2.3.2 acquisition of deflection lock
By default, there is a delay in opening the bias lock. The default is 4s. Why do you design this?
Because the JVM virtual machine has some threads started by default, and there are many Synchronized codes in these threads. These Synchronized codes will trigger competition when starting. If biased locks are used, it will cause biased locks to continuously upgrade and revoke locks, which is inefficient.
The delay can be set to 0 through the JVM parameter - XX:BiasedLockingStartupDelay=0.
Run the code again
public class Demo { Object o=new Object(); public static void main(String[] args) { Demo demo=new Demo(); //o how this object is stored and laid out in memory. System.out.println(ClassLayout.parseInstance(demo).toPrintable()); synchronized (demo){ System.out.println(ClassLayout.parseInstance(demo).toPrintable()); } } }
The following object layout is obtained. It can be seen that the last three digits of the first byte in the high order of the object header are [101], indicating that it is currently in a biased lock state.
com.test.Demo object internals: OFFSET SIZE TYPE DESCRIPTION VALUE 0 4 (object header) 05 00 00 00 (00000101 00000000 00000000 00000000) (5) 4 4 (object header) 00 00 00 00 (00000000 00000000 00000000 00000000) (0) 8 4 (object header) 05 c1 00 f8 (00000101 11000001 00000000 11111000) (-134168315) 12 4 java.lang.Object Demo.o (object) Instance size: 16 bytes Space losses: 0 bytes internal + 0 bytes external = 0 bytes total com.gupaoedu.pb.Demo object internals: OFFSET SIZE TYPE DESCRIPTION VALUE 0 4 (object header) 05 30 4a 03 (00000101 00110000 01001010 00000011) (55193605) 4 4 (object header) 00 00 00 00 (00000000 00000000 00000000 00000000) (0) 8 4 (object header) 05 c1 00 f8 (00000101 11000001 00000000 11111000) (-134168315) 12 4 java.lang.Object Demo.o (object) Instance size: 16 bytes Space losses: 0 bytes internal + 0 bytes external = 0 bytes total
The lock status of the first object and the second object here is 101, because when the bias lock is open, anonymous objects will be configured to obtain the bias lock by default.
2.3.3 heavyweight lock acquisition
In the case of fierce competition, when the thread has been unable to obtain the lock, it will be upgraded to heavyweight lock.
The following example simulates the competition scenario through two threads.
public static void main(String[] args) { Demo testDemo = new Demo(); Thread t1 = new Thread(() -> { synchronized (testDemo){ System.out.println("t1 lock ing"); System.out.println(ClassLayout.parseInstance(testDemo).toPrintable()); } }); t1.start(); synchronized (testDemo){ System.out.println("main lock ing"); System.out.println(ClassLayout.parseInstance(testDemo).toPrintable()); } }
It can be seen from the results that in the case of competition, the mark of the lock is [010], where the mark [10] represents a heavyweight lock.

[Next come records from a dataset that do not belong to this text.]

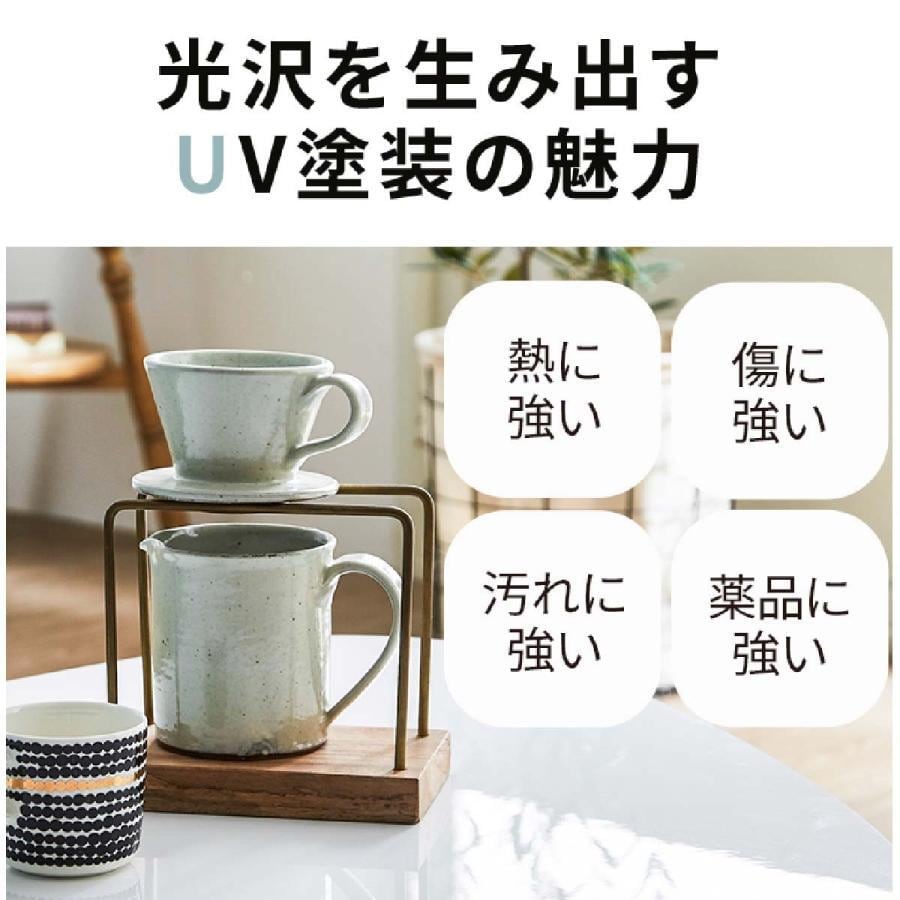 飽きの来ないシンプルなデザインで、天板はUVコーティング仕様での光沢感が高級感も感じさせます。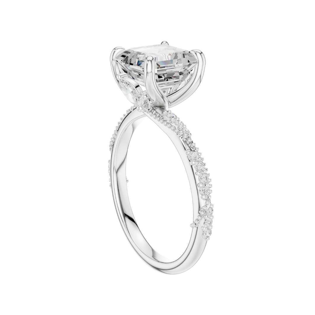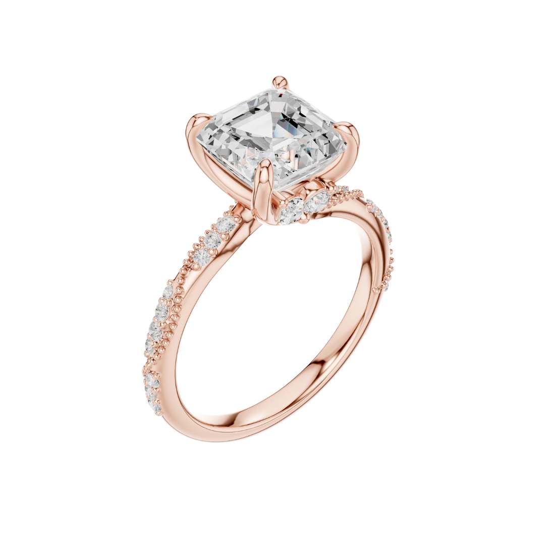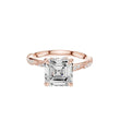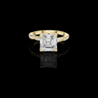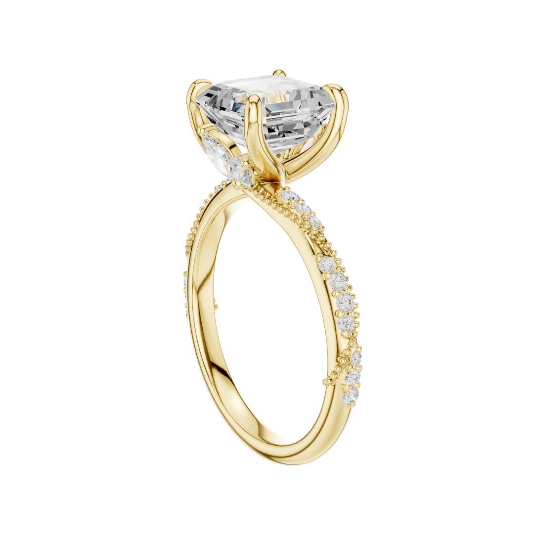 This elegant engagement ring features a striking Emerald Square-cut diamond set in a classic four-prong mounting, allowing its crisp facets and hall-of-mirrors brilliance to take center stage. The band crafted in polished gold, is adorned with a delicate line of pave diamonds that add subtle sparkle without overwhelming the centerpiece. Its blend of vintage sophistication and modern refinement makes this ring a timeless symbol of love and style.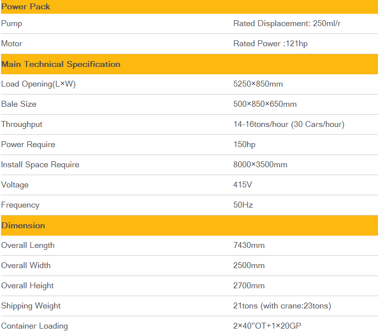 Loading by grab bucket or conveyor belt; no need to install, directly operate the baler; the baler is equipped with a control platform for easy operation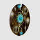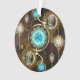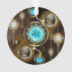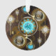 Turquoise lenses with antique watch with brass gears and golden keys on rusty, brown background. Steampunk style.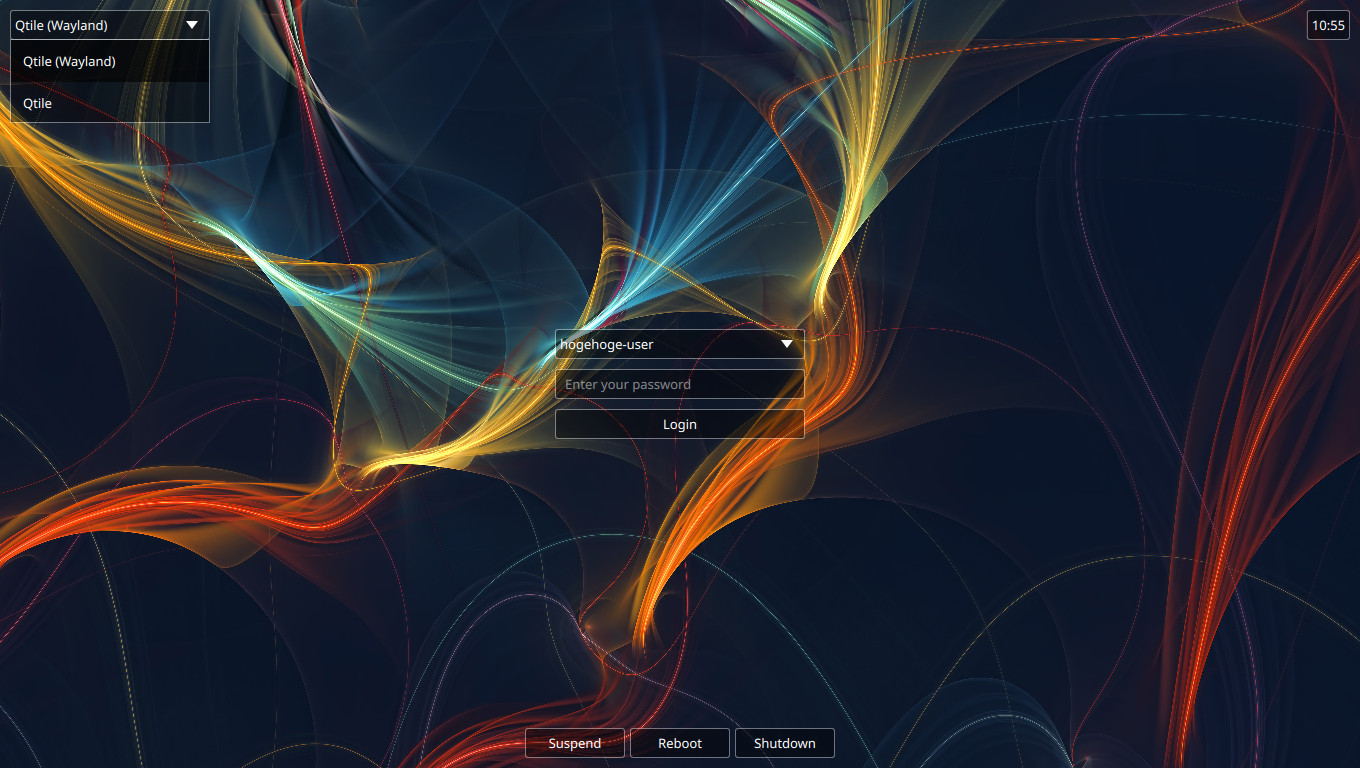 ログイン画面が表示されれば、インストールは、完了です。 デフォルトでは、「Qtile(Wayland)」が選択されていますが、「VirtualBox」上であれば、これはログインしても何も操作できない状況になります。 「qtile」の方に切り替えて、ログインします。 |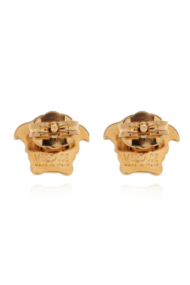 Gold-tone earrings from Versace. Flaunting a Medusa face silhouette, they feature push-back closures.

com.test.Demo object internals: OFFSET SIZE TYPE DESCRIPTION VALUE 0 4 (object header) 8a 20 5e 26 (10001010 00100000 01011110 00100110) (643702922) 4 4 (object header) 00 00 00 00 (00000000 00000000 00000000 00000000) (0) 8 4 (object header) 05 c1 00 f8 (00000101 11000001 00000000 11111000) (-134168315) 12 4 (loss due to the next object alignment) Instance size: 16 bytes Space losses: 0 bytes internal + 4 bytes external = 4 bytes total t1 lock ing com.gupaoedu.pb.Demo object internals: OFFSET SIZE TYPE DESCRIPTION VALUE 0 4 (object header) 8a 20 5e 26 (10001010 00100000 01011110 00100110) (643702922) 4 4 (object header) 00 00 00 00 (00000000 00000000 00000000 00000000) (0) 8 4 (object header) 05 c1 00 f8 (00000101 11000001 00000000 11111000) (-134168315) 12 4 (loss due to the next object alignment) Instance size: 16 bytes Space losses: 0 bytes internal + 4 bytes external = 4 bytes total
3 CAS
CAS is often used at the bottom of Synchronized. There are two types of CAS in the whole process:
- Compare and swap
- Compare and exchange
It can ensure the atomicity of modifying a variable in a multithreaded environment.
CAS principle is very simple, including three values: current memory value (V), expected original value (E) and expected updated value (N).